Given information>
= = = = = = =
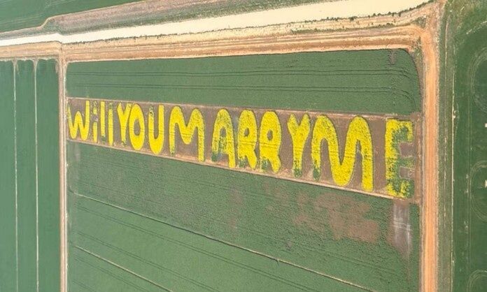 Μια δασκάλα δημοτικού σχολείου στην Αυστραλία βρίσκεται… στα σύννεφα, καθώς δέχθηκε μια ιδιαίτερη πρόταση γάμου από τον σύντροφό της. Ένας αγρότης από τη Νέα Νότια Ουαλία, ο Γουίλ Χέντερσον, σχημάτισε σ’ ένα χωράφι την τεράστια φράση για την αγαπημένη του, Στεφ Κάρτερ. Μία φράση που μπορούσαν να τη δουν μόνο… από ψηλά.
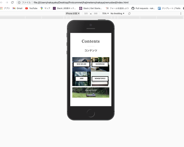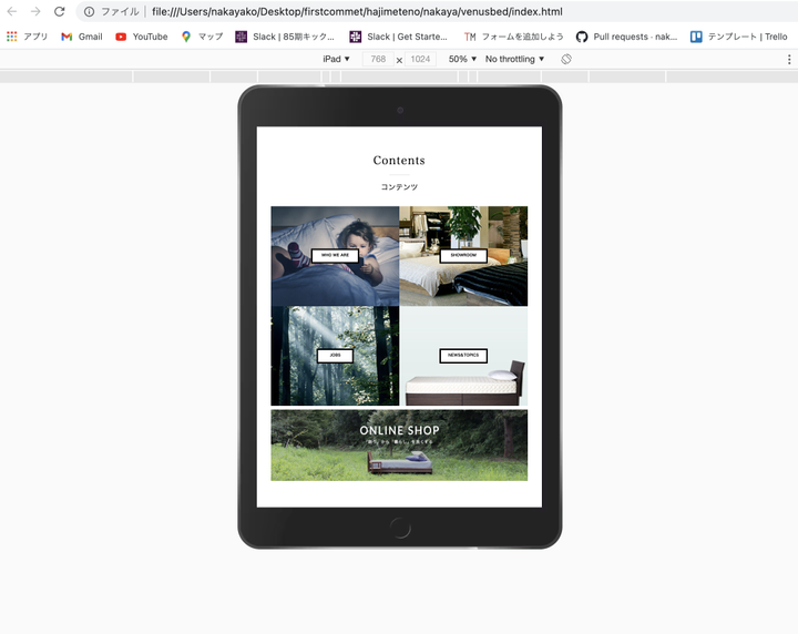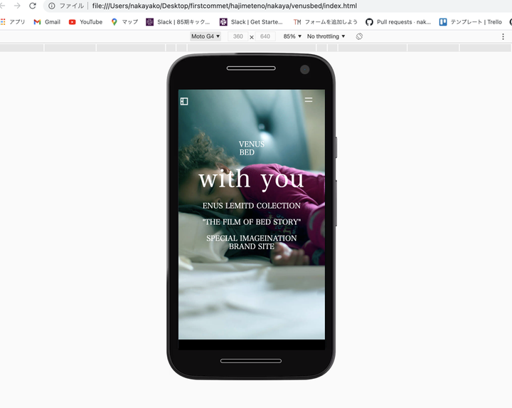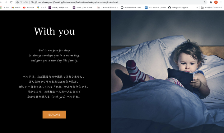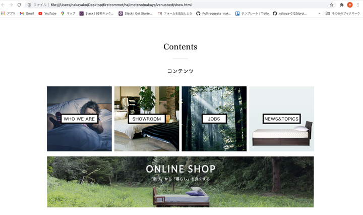 web制作の練習として、venusbedの模写をしています。 レスポンシブの対応まで実装してコーディング力を高めました。 エディターにはVimを使用しています。
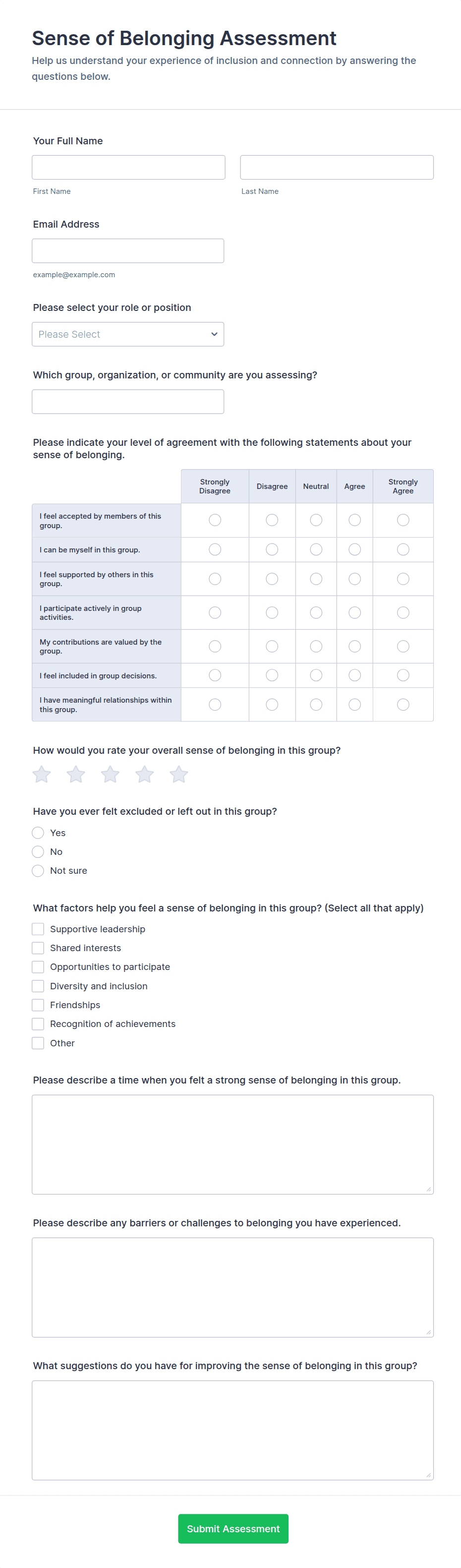 By following these steps, you can create a tailored assessment form that meets your specific needs, streamlines data collection, and provides actionable insights for your organization or project.
= = = = = = =
Problem description> Please set down each line of the data above exactly as written, without the pictures.

Exercise answer>
 Μια δασκάλα δημοτικού σχολείου στην Αυστραλία βρίσκεται… στα σύννεφα, καθώς δέχθηκε μια ιδιαίτερη πρόταση γάμου από τον σύντροφό της. Ένας αγρότης από τη Νέα Νότια Ουαλία, ο Γουίλ Χέντερσον, σχημάτισε σ’ ένα χωράφι την τεράστια φράση για την αγαπημένη του, Στεφ Κάρτερ. Μία φράση που μπορούσαν να τη δουν μόνο… από ψηλά.
 web制作の練習として、venusbedの模写をしています。 レスポンシブの対応まで実装してコーディング力を高めました。 エディターにはVimを使用しています。
 By following these steps, you can create a tailored assessment form that meets your specific needs, streamlines data collection, and provides actionable insights for your organization or project.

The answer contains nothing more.